▶ **WHAT NEEDS TO BE DONE**: Pictures excluded, copy word for word the lines from the one holding "八月二十七日,在南非约翰内斯堡,参观者在北汽展厅参观展车。" through the last line below.

[Source records]
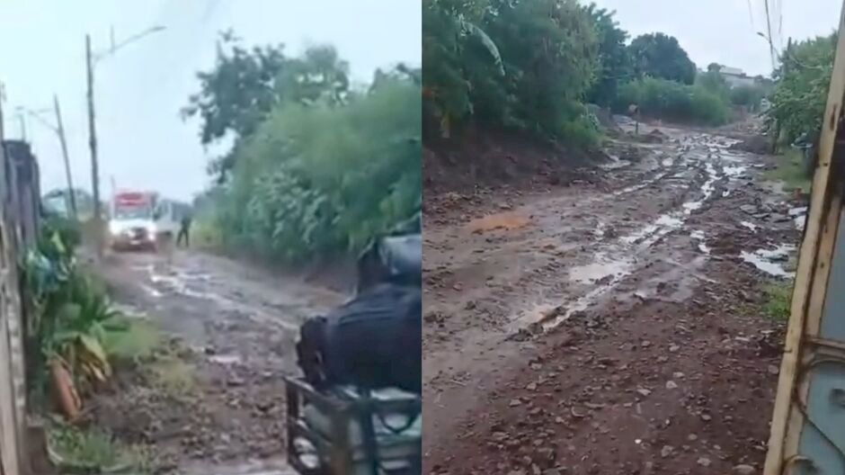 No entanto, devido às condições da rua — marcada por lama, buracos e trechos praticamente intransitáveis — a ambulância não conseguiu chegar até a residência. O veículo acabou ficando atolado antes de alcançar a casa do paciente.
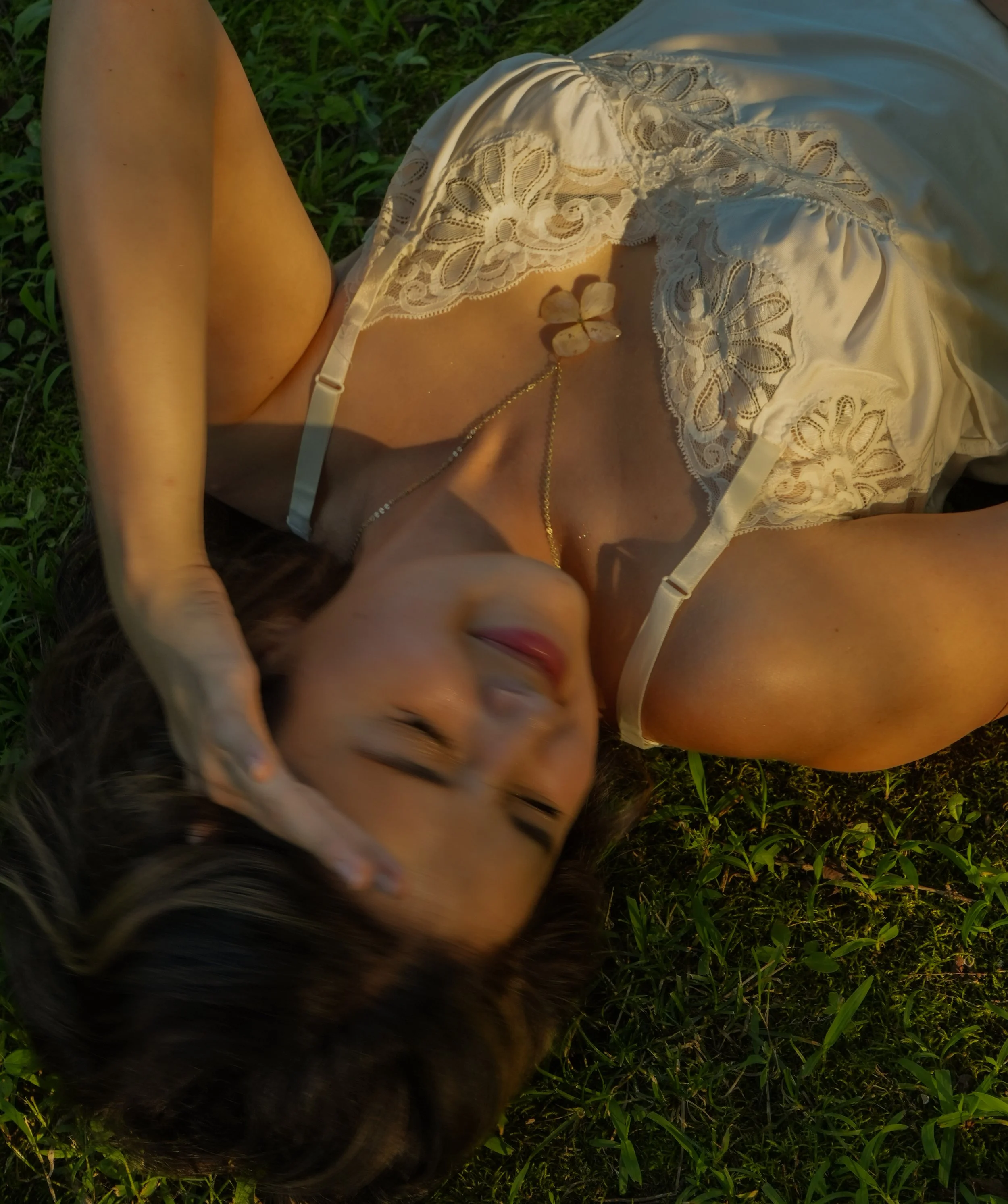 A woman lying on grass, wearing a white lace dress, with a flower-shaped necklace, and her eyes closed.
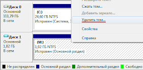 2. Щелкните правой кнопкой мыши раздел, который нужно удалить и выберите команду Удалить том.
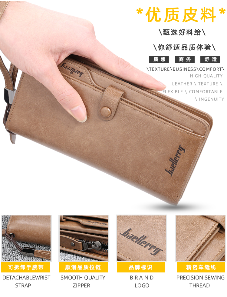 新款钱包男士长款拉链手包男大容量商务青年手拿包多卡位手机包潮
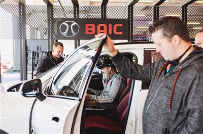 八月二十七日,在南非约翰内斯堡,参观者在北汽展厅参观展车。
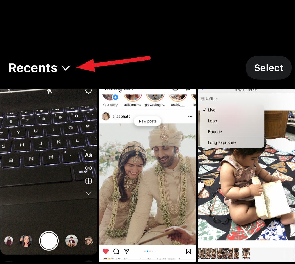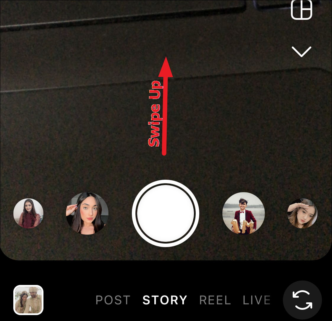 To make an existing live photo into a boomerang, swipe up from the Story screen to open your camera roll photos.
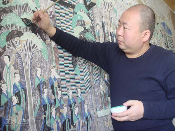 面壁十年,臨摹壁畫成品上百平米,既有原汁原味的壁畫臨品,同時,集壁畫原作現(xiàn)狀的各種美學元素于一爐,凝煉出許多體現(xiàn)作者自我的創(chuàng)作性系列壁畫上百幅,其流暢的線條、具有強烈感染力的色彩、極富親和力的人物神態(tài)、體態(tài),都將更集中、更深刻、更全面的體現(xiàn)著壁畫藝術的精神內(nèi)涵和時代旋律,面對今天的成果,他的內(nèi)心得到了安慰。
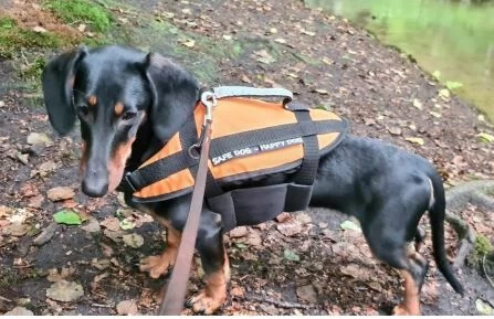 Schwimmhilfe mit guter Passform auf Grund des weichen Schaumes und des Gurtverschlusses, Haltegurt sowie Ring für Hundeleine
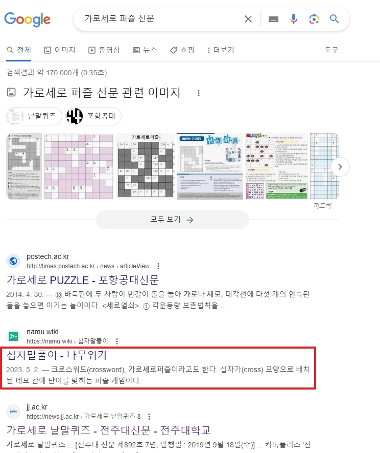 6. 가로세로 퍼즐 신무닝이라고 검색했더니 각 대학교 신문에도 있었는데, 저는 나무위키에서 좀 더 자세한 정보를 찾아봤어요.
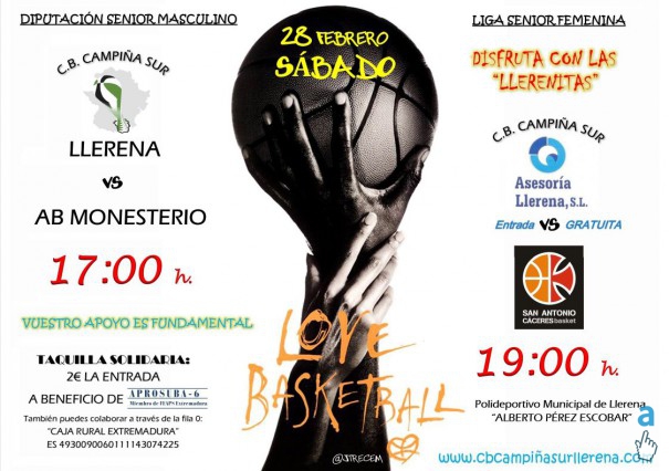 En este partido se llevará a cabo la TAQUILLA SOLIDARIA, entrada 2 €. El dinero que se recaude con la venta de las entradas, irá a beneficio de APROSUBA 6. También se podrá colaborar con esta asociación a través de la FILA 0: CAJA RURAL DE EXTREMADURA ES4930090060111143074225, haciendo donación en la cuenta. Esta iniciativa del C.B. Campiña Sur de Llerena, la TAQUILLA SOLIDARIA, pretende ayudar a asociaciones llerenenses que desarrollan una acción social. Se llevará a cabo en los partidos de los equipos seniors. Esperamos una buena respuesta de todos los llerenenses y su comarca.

▶ **YOUR RESPONSE**:
 八月二十七日,在南非约翰内斯堡,参观者在北汽展厅参观展车。
 To make an existing live photo into a boomerang, swipe up from the Story screen to open your camera roll photos.
 面壁十年,臨摹壁畫成品上百平米,既有原汁原味的壁畫臨品,同時,集壁畫原作現(xiàn)狀的各種美學元素于一爐,凝煉出許多體現(xiàn)作者自我的創(chuàng)作性系列壁畫上百幅,其流暢的線條、具有強烈感染力的色彩、極富親和力的人物神態(tài)、體態(tài),都將更集中、更深刻、更全面的體現(xiàn)著壁畫藝術的精神內(nèi)涵和時代旋律,面對今天的成果,他的內(nèi)心得到了安慰。
 Schwimmhilfe mit guter Passform auf Grund des weichen Schaumes und des Gurtverschlusses, Haltegurt sowie Ring für Hundeleine
 6. 가로세로 퍼즐 신무닝이라고 검색했더니 각 대학교 신문에도 있었는데, 저는 나무위키에서 좀 더 자세한 정보를 찾아봤어요.
 En este partido se llevará a cabo la TAQUILLA SOLIDARIA, entrada 2 €. El dinero que se recaude con la venta de las entradas, irá a beneficio de APROSUBA 6. También se podrá colaborar con esta asociación a través de la FILA 0: CAJA RURAL DE EXTREMADURA ES4930090060111143074225, haciendo donación en la cuenta. Esta iniciativa del C.B. Campiña Sur de Llerena, la TAQUILLA SOLIDARIA, pretende ayudar a asociaciones llerenenses que desarrollan una acción social. Se llevará a cabo en los partidos de los equipos seniors. Esperamos una buena respuesta de todos los llerenenses y su comarca.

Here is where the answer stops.